When XML to CSV is the right call

CSV wins when downstream consumers are spreadsheets, BI tools, or relational databases — anywhere a flat tabular shape is expected. XML wins when your data is genuinely hierarchical (a tree of nested orders, line items, and shipments). If your XML is one record deep — a flat list of records with simple fields — converting to CSV is fast, lossless, and cuts payload size by 60–80%. If the XML is deeply nested with mixed content, prefer the XML to JSON converter and process the JSON in code instead.

Need a different XML conversion?

Convert to JSON, YAML, or back to a clean indented XML — all in your browser.

Frequently Asked Questions

How does the tool flatten XML into CSV rows?

The converter reads the root element's direct children — typically a repeating record element such as <order>, <product>, or <user> — and treats each one as a CSV row. The header row comes from the child element names of the first record (e.g. id, customer, total). Each subsequent record fills its row by matching column names. This is exactly what spreadsheets and databases expect when importing tabular data.

What if records have different child elements?

The header row is derived from the first record. If later records contain extra fields not in the first one, those fields are dropped. If a record is missing a field, its cell is left empty. For best results, ensure your XML records share a consistent shape — or pre-process the XML to align the schema before pasting.

How are values containing commas, quotes, or newlines escaped?

The converter follows RFC 4180: a value containing a comma, double-quote, or newline is wrapped in double quotes. Embedded double-quotes inside such a value are doubled (the literal " becomes ""). This is the encoding Excel, Google Sheets, and most CSV parsers expect — your file will open correctly without manual cleanup.

Does the CSV open directly in Microsoft Excel?

Yes. The output uses comma as the delimiter and standard RFC 4180 quoting, which Excel reads natively when you save the result as a .csv file. For locales where Excel expects semicolons (Germany, France) you may need to use Excel's "Text to Columns" feature or change the system list separator.

What happens with deeply nested XML elements?

Only the first level under each record element becomes a column. If a record has nested children (e.g. <order><address><city>...</city></address></order>) the converter takes the address element's combined text content as the value. To split nested fields into columns, flatten the XML first or use the XML to JSON tool, then process the JSON in code.

Can I include XML attributes as CSV columns?

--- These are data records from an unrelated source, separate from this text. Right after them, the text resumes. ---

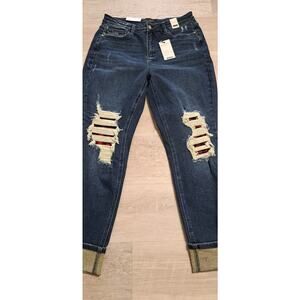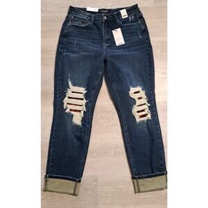 NWT Judy Blue Jeans Buffalo Plaid Destroyed Knee Boyfriend 11/30 Midrise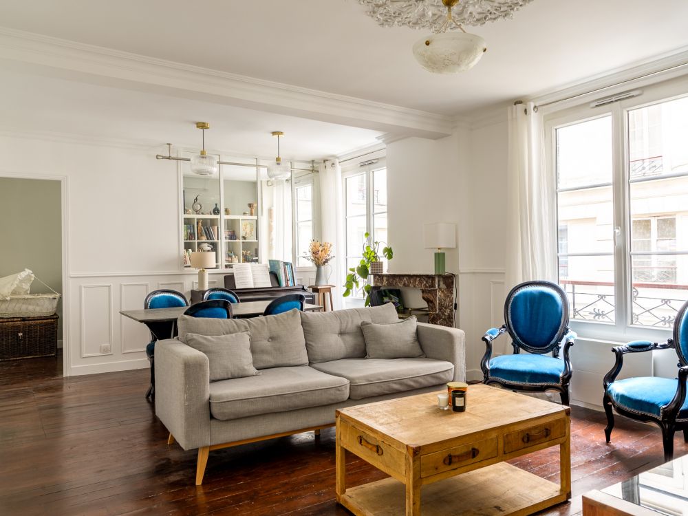 L’Atelier Studio Depommier a repensé les volumes, ouvert la cuisine et valorisé le caractère du lieu en restaurant le parquet d’origine et en restituant moulures et rosace selon les savoir-faire du Faubourg Saint-Antoine.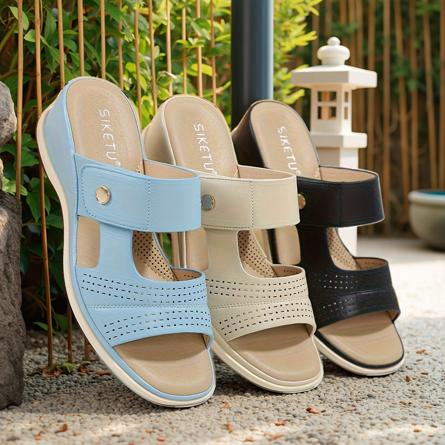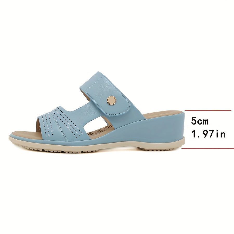 Women'S Two-Strap Wedge Sandals with Metal Buckle Accents – Comfortable Slip-On Design, Open Toe, Mid-Heel, Available in Beige, Black, and Brown, in Two Colors, Two Straps, Comfortable Walking

The current implementation maps element names to columns rather than attributes. If your data lives in attributes (e.g. <order id="1001">), use the XML to JSON converter first to surface attributes as @-prefixed keys, then transform that JSON to CSV with a small script — or restructure the XML so the data is in child elements before converting.

Is the conversion done on a server?

No. The DOMParser runs inside your browser. Order exports, customer lists, and any commercially sensitive XML never leaves your machine. Open DevTools → Network and click Convert — there are no requests.

How big can the XML input be?

Practically, browsers handle several megabytes of XML without trouble. For very large feeds (50+ MB) you may notice a brief pause during parsing. There are no rate limits or upload caps because nothing is sent over the network.